Инопланетный эквивалент «ууу!» был довольно громким.

Гастон замахал руками, приглашая пошуметь, затем сделал широкий жест, который каким-то образом мгновенно привел к тишине.

— Наши кандидаты сразятся в случайно выбранных парах. Обоим кандидатам из одной пары будет задан один и тот же вопрос. Вначале отвечает один, потом другой. Победитель будет определен путем сочетания народного голосования, мнения Суверена и обратной связи от нашего уважаемого модератора дебатов.

Он дал им время переварить услышанное и продолжил.

— Наш модератор дебатов ученый с большой буквы. Он посвятил себя созерцанию тайн вселенной. Существа со всех уголков Галактики преодолевают тысячи световых лет, чтобы обратиться к нему за советом.

Пол позади Гастона раскололся, и каменное яйцо размером с внедорожник, расположенное на боку узким концом к центру арены, поднялось из-под пола на металлической ножке.

Он не смел.

Металлическая ножка подняла яйцо вверх и остановилась примерно в пятнадцати футах над сценой.
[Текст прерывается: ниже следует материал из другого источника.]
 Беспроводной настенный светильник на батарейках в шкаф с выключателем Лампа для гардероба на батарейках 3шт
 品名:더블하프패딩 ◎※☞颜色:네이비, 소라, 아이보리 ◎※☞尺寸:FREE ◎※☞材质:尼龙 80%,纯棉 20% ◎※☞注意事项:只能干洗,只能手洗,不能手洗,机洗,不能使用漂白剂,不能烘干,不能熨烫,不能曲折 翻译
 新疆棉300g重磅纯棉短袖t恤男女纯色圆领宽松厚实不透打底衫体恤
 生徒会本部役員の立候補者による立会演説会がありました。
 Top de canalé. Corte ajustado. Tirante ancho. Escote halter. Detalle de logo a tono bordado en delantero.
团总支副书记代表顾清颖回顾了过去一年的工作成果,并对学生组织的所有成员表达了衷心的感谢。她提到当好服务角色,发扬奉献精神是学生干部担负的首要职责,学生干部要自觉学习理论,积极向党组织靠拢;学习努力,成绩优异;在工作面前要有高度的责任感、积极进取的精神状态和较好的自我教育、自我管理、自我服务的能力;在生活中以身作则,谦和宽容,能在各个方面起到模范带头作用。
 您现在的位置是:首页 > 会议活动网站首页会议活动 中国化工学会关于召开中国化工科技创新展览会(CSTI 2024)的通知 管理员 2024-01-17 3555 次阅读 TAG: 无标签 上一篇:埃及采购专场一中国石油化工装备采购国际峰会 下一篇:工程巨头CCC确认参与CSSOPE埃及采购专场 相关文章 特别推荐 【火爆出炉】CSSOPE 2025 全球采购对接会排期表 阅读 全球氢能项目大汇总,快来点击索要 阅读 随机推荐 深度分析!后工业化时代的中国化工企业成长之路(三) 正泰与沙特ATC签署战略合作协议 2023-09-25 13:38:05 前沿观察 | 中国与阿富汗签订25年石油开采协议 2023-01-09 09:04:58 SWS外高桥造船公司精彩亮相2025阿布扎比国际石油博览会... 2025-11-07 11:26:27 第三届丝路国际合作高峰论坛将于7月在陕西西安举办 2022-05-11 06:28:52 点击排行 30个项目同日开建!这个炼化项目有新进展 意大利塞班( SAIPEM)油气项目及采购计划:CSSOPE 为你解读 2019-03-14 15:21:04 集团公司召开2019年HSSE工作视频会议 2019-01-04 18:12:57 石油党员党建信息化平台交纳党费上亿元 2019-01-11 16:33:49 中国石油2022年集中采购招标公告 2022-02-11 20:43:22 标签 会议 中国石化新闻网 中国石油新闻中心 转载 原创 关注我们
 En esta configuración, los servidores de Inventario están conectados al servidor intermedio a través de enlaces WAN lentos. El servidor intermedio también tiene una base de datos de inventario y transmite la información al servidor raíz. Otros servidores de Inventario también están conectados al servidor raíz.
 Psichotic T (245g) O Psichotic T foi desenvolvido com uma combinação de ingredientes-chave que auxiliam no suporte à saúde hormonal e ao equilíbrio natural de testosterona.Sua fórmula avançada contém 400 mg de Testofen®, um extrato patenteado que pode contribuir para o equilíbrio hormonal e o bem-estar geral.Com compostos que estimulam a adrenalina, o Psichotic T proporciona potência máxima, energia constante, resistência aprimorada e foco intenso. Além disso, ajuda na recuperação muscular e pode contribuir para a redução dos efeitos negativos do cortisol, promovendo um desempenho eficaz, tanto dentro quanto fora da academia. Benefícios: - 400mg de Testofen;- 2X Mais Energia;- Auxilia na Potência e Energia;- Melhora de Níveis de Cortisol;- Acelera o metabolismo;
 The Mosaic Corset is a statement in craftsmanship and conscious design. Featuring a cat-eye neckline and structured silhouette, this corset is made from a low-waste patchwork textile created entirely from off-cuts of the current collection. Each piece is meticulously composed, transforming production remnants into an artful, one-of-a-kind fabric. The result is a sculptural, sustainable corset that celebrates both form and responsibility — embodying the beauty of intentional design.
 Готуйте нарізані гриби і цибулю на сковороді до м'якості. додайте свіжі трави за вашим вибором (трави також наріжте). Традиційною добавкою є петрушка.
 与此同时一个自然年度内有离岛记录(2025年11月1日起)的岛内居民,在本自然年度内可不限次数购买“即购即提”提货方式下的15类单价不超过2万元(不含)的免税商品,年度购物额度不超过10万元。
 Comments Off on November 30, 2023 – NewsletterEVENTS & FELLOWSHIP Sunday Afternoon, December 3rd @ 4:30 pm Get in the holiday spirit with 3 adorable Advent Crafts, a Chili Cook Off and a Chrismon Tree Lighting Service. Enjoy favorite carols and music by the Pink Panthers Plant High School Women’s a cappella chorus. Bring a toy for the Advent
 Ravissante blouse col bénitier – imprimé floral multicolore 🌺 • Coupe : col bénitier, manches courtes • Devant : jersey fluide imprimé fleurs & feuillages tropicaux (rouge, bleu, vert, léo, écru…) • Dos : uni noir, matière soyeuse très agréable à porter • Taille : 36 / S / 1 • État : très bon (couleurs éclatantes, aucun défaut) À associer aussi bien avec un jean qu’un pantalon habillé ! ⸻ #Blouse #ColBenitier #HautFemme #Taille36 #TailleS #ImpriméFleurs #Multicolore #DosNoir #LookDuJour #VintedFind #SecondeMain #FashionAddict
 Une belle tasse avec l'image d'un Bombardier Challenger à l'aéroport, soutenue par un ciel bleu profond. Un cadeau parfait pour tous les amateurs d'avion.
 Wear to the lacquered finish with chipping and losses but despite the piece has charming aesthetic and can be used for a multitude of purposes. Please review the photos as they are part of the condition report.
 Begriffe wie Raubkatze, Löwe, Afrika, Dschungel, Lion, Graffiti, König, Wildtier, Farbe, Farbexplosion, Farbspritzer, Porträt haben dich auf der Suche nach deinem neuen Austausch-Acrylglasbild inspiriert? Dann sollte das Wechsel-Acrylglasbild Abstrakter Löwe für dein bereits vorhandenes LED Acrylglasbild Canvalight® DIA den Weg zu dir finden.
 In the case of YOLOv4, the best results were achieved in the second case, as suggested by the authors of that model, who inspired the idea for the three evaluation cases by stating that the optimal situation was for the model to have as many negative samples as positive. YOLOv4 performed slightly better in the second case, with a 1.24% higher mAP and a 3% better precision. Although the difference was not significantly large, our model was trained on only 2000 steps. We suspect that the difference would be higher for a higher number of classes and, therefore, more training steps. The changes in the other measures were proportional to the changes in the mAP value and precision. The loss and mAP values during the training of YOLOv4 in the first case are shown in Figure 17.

Да, да, он это сделал. Как только эти дебаты закончатся, я найду его и заставлю заплатить. Пощады не будет.

— Получатель «Звездного пера», Мудрец Великого Древа, Победитель Сфинкса, Первый Ученый Тек!

Каменное яйцо раскололось вдоль пополам. Верхняя половина откинулась, открывая Первого Ученого во всей его красе, держащего свою преподавательскую указку, его шляпа плотно сидела на голове с прикрепленным к ней сверкающим белым пером. Два его помощника покорно стояли позади него, глядя в пол и играя роль скромных учеников.

— Яйцо? — прошипела я в микрофон.

— Забавно же.

Агрх.

Арена встретила Первого Ученого оглушительными аплодисментами. Он кивнул им, благожелательно помахав когтистой рукой.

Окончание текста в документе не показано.